# Inktober 2016!



## himeki (Oct 1, 2016)

Post your Inktober drawings for this year here! Figured TBT should have a thread so everyone can see everyone else's!


----------



## Aria Nook Violet (Oct 1, 2016)

What's Inktober about? Never heard of that word before. Sorry for my ignorance but I'm curious.


----------



## himeki (Oct 1, 2016)

Aria Nook Violet said:


> What's Inktober about? Never heard of that word before. Sorry for my ignorance but I'm curious.

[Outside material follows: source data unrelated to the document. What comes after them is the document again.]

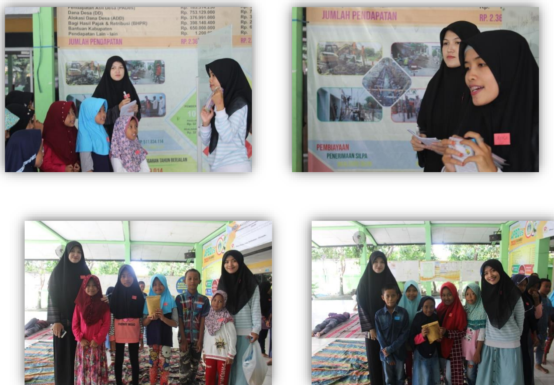
Figure 2. Learning and teaching activity in Dahanrejo village.

In this action research, there are standard to step the cycle. The cycle is stopped when of the of the students are able to carry out the accuracy criteria such as, correct in structural usage, correct in vocabulary usage and sign of fluency include a reasonably fast speed of speaking and only a small number of pauses and “ums” and “ers”.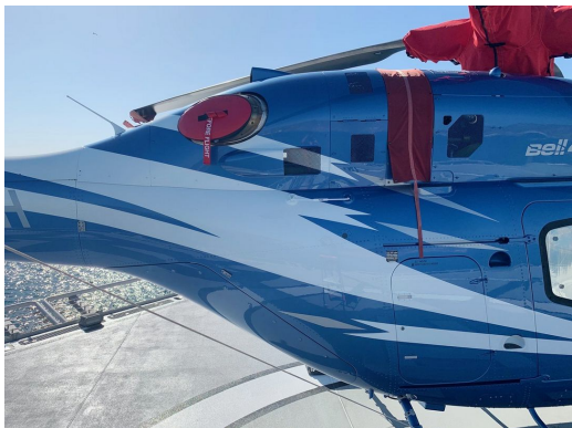
Bell 429 Exhaust Plug, Rotor Mast Cover

WINTER USE MATERIAL - Made with Solution-Dyed Polyester fabric, this option is intended for seasonal use to aid in deicing, rain mitigation, or for occasional travel. The material is lighter and more compact, but more susceptible to UV damage and may have a shorter useful life if used continuously outside than the all-year use material.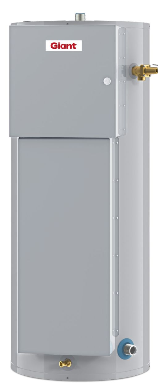
Illustrated model: 112

4.5, 5 and 6*kW (2 elements), 6, 9, 10 and *Exception 208V/1ph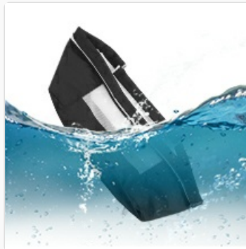
Figure 6.2: Convenient large storage basket for baby essentials.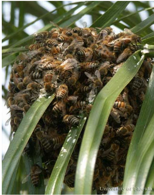
Figure 5. African honey bee, Apis mellifera scutellata Lepeletier, swarm on palm fronds.

considering a potential nesting site than are European bees. They will nest in a much smaller volume than European honey bees and have been found in water meter boxes, cement blocks, old tires, house eaves, barbecue grills, cavities in the ground, and hanging exposed from tree limbs, just to name a few places. One rarely finds European colonies in any of these locations because they prefer to nest in larger cavities like those provided by tree hollows, chimneys, etc. As one can imagine, humans inadvertently provide multiple nesting sites for African bees. Therein lies the primary reason African bees are encountered frequently by humans.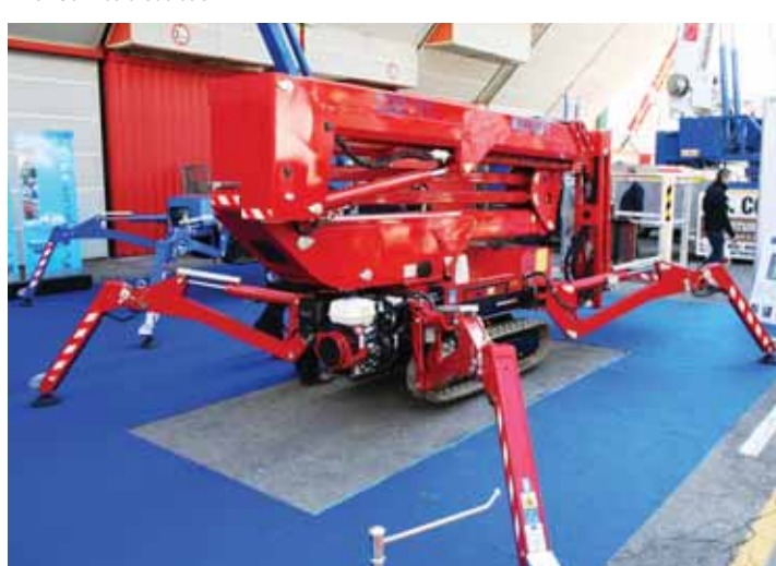
Bluelift goes from strength to strength showing off the improved version of its C22-11 with platform self stabilisation and levelling undercarriage. Watch out for 25 and 30 metre models and lithium ion power in the future.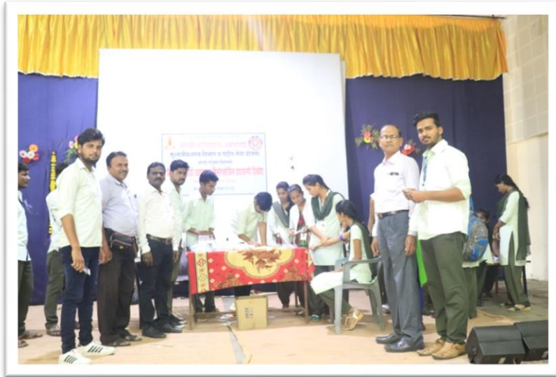
Students checking blood group & Hb of girl students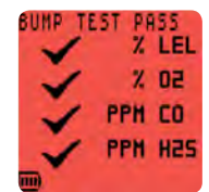
Configurable bump options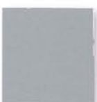
TIGER Drylac® 59/93371 RAL 9006 White Aluminum Metallic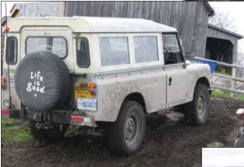
Fergie's message says it all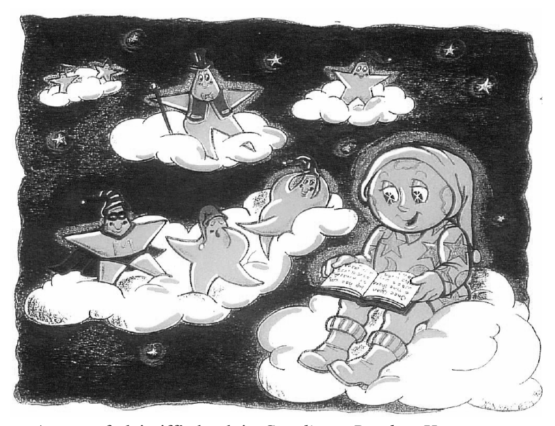
A page of plaintiff's book in Cavalier v. Random House.

TUSHNET MACROED.DOC 2/22/2008 8:47:50 AM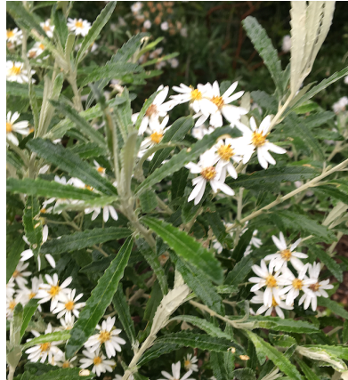
1 Dusty Daisy-bush Olearia phlogopappa

Funding for rehabilitation and planting has been provided by the Victorian Government through Coastcare Victoria, with volunteers leading and undertaking the works.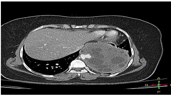
Figure 1: CT scan (axial view) showing multi-locular cystic lesion in the left sub-phrenic retro-crural region displacing the diaphragm anterosuperiorly. Also, few intra-parenchymal atelectatic bands seen displacing stomach anteriorly and abutting the inferior surface of left lobe of the liver.

Computed tomographic thoraco-abdominal scan was done which showed a large well defined multi-locular cystic lesion measuring 12.5×9.2×11 cm (CC×TR×AP) in the left sub-phrenic retro-crural region displacing the diaphragm antero-superiorly causing reduced left lung volume, displacing the stomach anteriorly and abutting the inferior surface of left lobe of liver. Descending thoracic aorta showed tortuous course due to mass effect of the cystic lesion partially encasing the descending aorta with a contrast filled blind ending out-pouching measuring 16×21 mm extending into mass lesion. Abdominal aorta also showed a kink just below the origin of aneurysmal sac causing focal narrowing (measuring 7 mm) at the level of T9 vertebra (Figure 1 and 2).

Oh really? It's an event really popular in the art community, where for the month of October, you draw something every day in ink!


----------



## cherriielle (Oct 1, 2016)

I'm gonna attempt! we'll see how long it lasts.... ^^;
anyway it was super cold and gloomy today (yay)


----------



## himeki (Oct 1, 2016)

xCherryskyx said:


> I'm gonna attempt! we'll see how long it lasts.... ^^;
> anyway it was super cold and gloomy today (yay)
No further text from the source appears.